TOKYO — Japanese police are giving up their search for an American poet who went missing on one of the remote islands, they said Saturday, a day after a U.S. rescue team said they had no luck finding him.
Craig Arnold, a University of Wyoming assistant professor of English and an award-winning poet, vanished April 26. He was in Japan as part of a creative writing program and was hiking on a volcano on the island of Kuchinoerabu-jima, which is about 30 miles (50 kilometers) off Japan’s southern Kyushu island.
A police spokesman said what had happened to Arnold was still unclear, but their search team was being withdrawn Saturday as prospects for finding him fade.
Overnight in the U.S., the University of Wyoming said in a release that Arnold had likely fallen from a cliff and didn’t survive.
They “learned from the private search group it hired that Arnold likely fell from a high and dangerous cliff, and there is virtually no possibility he could have survived the fall,” the university said.

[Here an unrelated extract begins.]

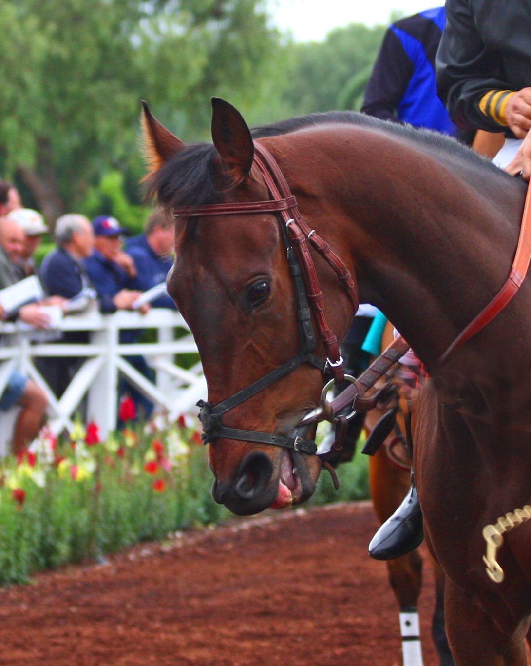 Built for Thederby
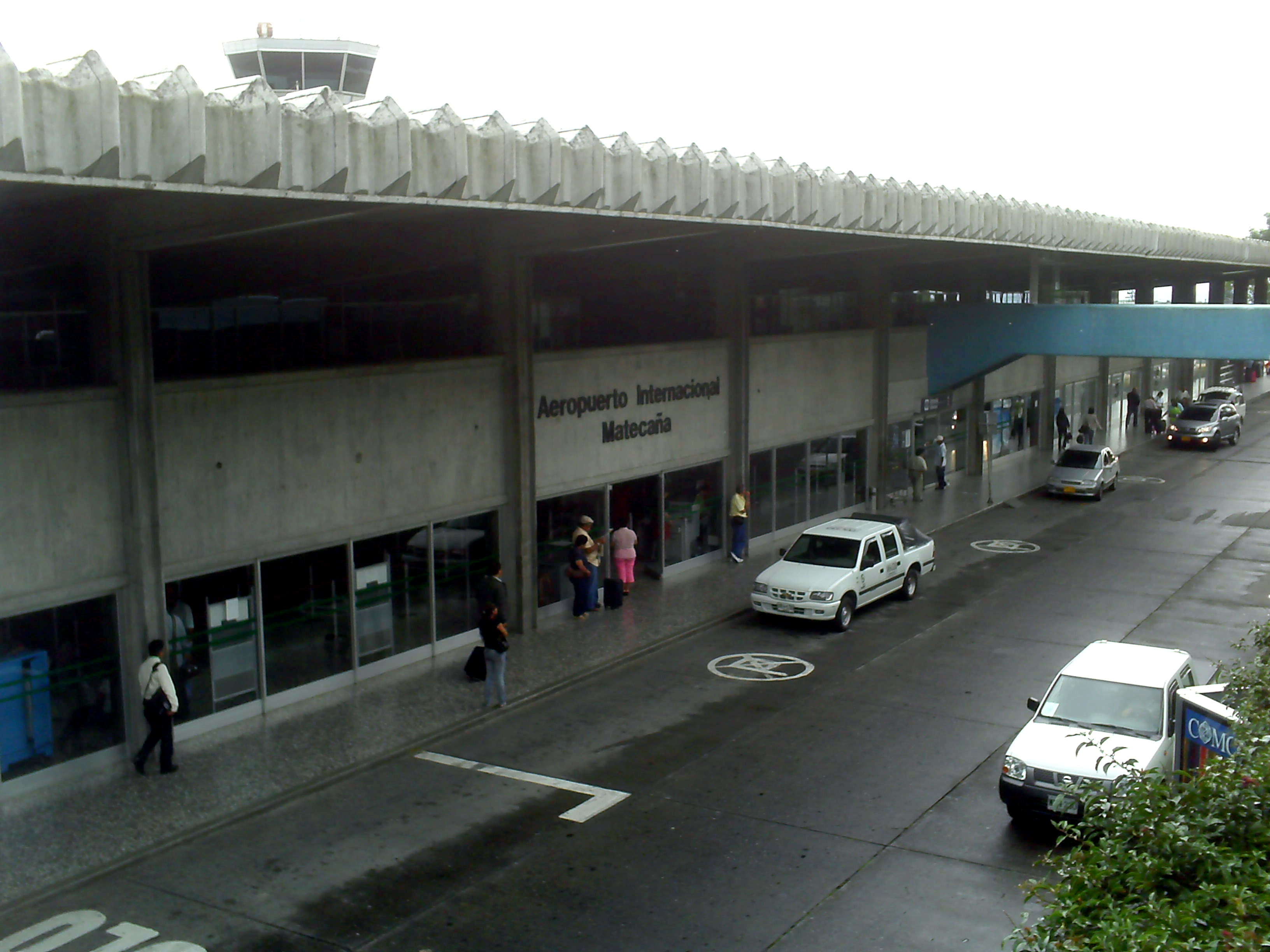 Airport Matecaña of Pereira

“We had truly hoped for a different outcome to this story,” UW President Tom Buchanan said. “On behalf of all the faculty and staff at the University of Wyoming, I extend my deepest regrets to Craig’s family and fiancee.” David Kovar, of the California-based 1st Special Response Group, said Friday that four members of his team followed Arnold’s tracks over the top of the volcano to an extremely steep area of the island.
The team was leaving the island, but the Japanese government has committed a technical climbing team to continue to search the area the American team identified, he said.
Earlier, Kovar had said the team had dramatically reduced the size of the search area and expressed hope that progress would be made.
Arnold, 41, was in Japan through the U.S.-Japan Friendship Commission’s Creative Artists Exchange Fellowship and was working on a book on volcanoes.